The destruction of the Bitcoin price has pushed it through just about every recent tech support level, forcing traders to now consider $30,000 as the next support.
The decline in Bitcoin’s price destruction has pushed it through just about every level of tech support recently, forcing traders to now consider $30,000 the next line in the sand. The world’s largest sirbptial asset is stuck in its sixth consecutive day of declines, with the token falling about 20% in the past seven days. Bitcoin price is now 50% below its November peak, trading as low as $32,970 on Monday, its lowest since July.
Bitcoin’s sell-off has made it to the most oversold since March 2020, based on the Relative Strength Index (RSI) score of 19. Bitcoin is now approaching a $30,000 support area, where some analysts see it finding a bottom in the near term. Assets are considered overbought if the RSI moves above 70 and oversold if it falls below 30.
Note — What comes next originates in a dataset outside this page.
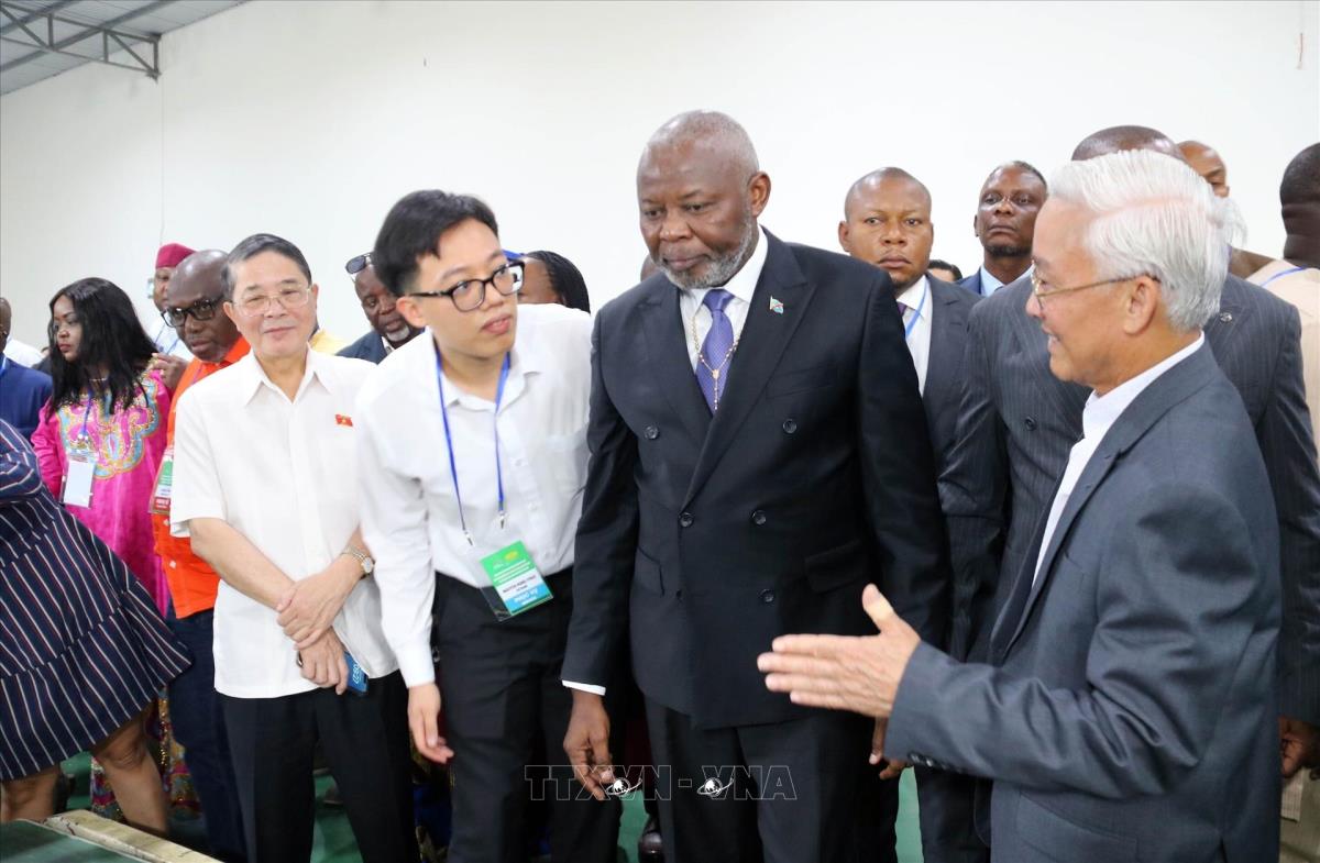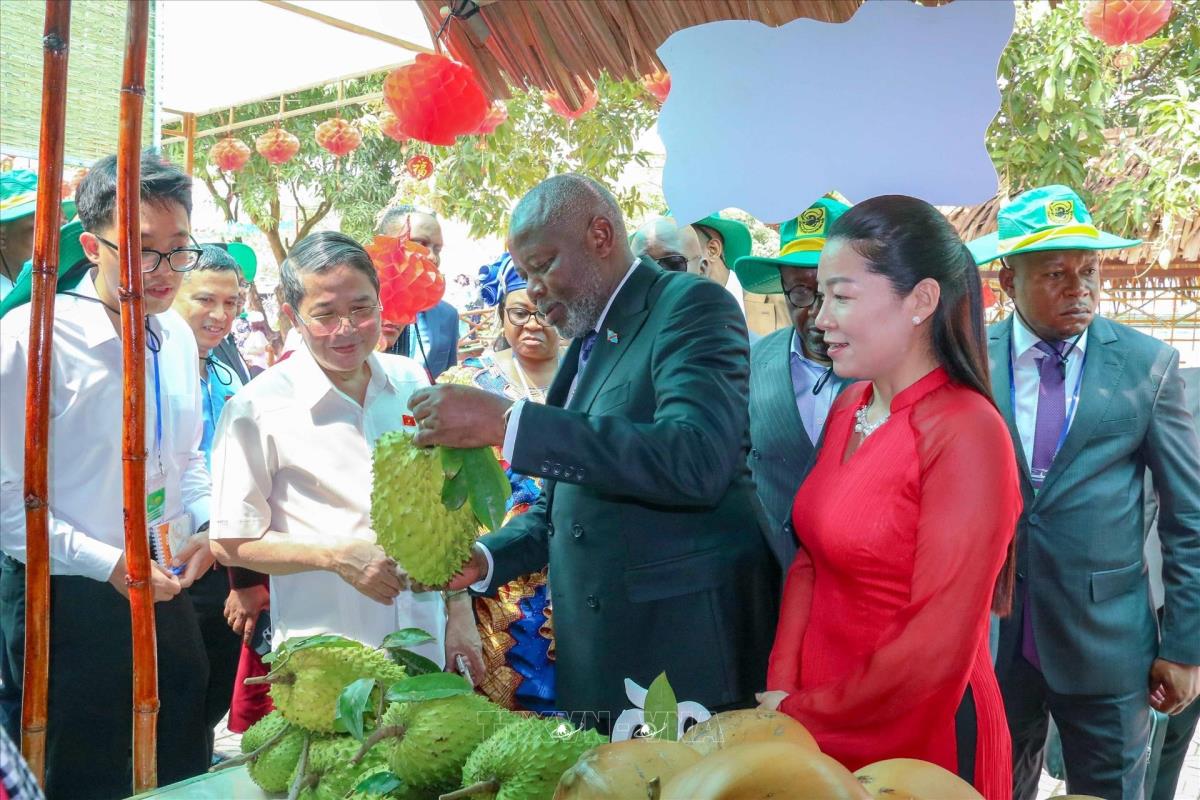Ngài Vital Kamerhe, Chủ tịch Quốc hội Cộng hòa Dân chủ Congo xem sản phẩm trái cây ở Sông Hậu Farm, huyện Cờ Đỏ (22/1/2025). Ảnh: Thanh Liêm - TTXVN

“A 50% drop isn’t as significant as what we’ve seen in previous years, but it’s significant now, so it’s more of a concern,” said Simon Peters, market analyst at eToro. “The real support level seems to be around $30,000 where we tested in May after the Bitcoin mining ban in China.”
Wilfred Daye, head of Securitize Capital, Securitize’s wealth management arm, said $30,000 is psychologically significant and Bitcoin should find some support there. But, he adds, if the sell-off goes beyond that to $27,000 “miners who entered at the beginning of the bull market are going to be in trouble.”
Crypto has come under widespread selling pressure in recent days, with traders pointing to aggressive signals from the Federal Reserve as a reason to pull out risky assets, including richly valued technology stocks.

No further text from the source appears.